Because it is a food designed specifically for human babies, containing everything they need to grow and flourish.

Because it is a food designed specifically for human babies, containing everything they need to grow and flourish. In particular, the complex fats in human breastmilk are vital in brain development and may have an effect on intelligence in later life.

What else?

Well, breastfed babies are ten times less likely to be hospitalised with gastro-enteritis in the early months than formula-fed babies, and they also gain immunities against all sorts of other infections. Plus, the wonders of the human body mean that your milk changes during the course of a feed: it starts off thin and thirst-quenching (the “foremilk”), before becoming filling and packed with nutrients (the “hindmilk”). So breastfed babies rarely need any other drink and get just the right proportions in their food.

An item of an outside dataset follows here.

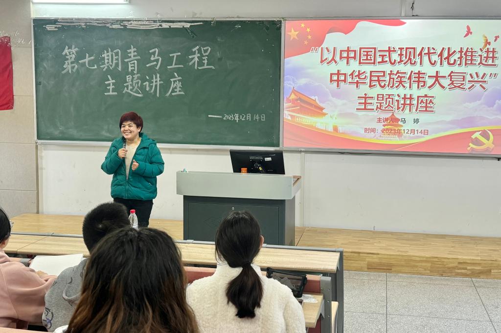 为帮助我院学子学习党的二十大精神,奋力谱写新时代新华章。12月14日下午,我院在博学楼1栋101室举办第七期青马工程“以中国式现代化推进中华民族伟大复兴”主题讲座。副院长马婷、各班优秀团员代表参加本次讲座。

What about the advantages for you?

To start with, there is the incomparable closeness and bonding provided by breastfeeding your baby, knowing that you are giving him or her the best start in life. More practically, it’s a great deal easier than bottle-feeding, once you’ve got the hang of it: no bottles to sterilise, feeds to mix, or worries about heating the feed, Instead, it’s always available, always sterile and always at the right temperature. And you always have a sure-fire way of calming a crying baby! Add to this the facts that many women lose weight more easily after the birth if they breastfeed, and that there is strong evidence that breastfeeding gives some protection against breast cancer in later life, and you have a pretty strong argument in favour of breastfeeding.

If you’re finding it hard going, do contact our breastfeeding counsellor. But first of all, if you have sore nipples or your baby doesn’t seem to be getting enough milk, think about your positioning. The baby should be taking as much as possible of the areola (the dark area around your nipple) into his or her mouth, in particular the section under the nipple. If your baby is sucking just on the nipple, you will get very sore and the baby will get hungry.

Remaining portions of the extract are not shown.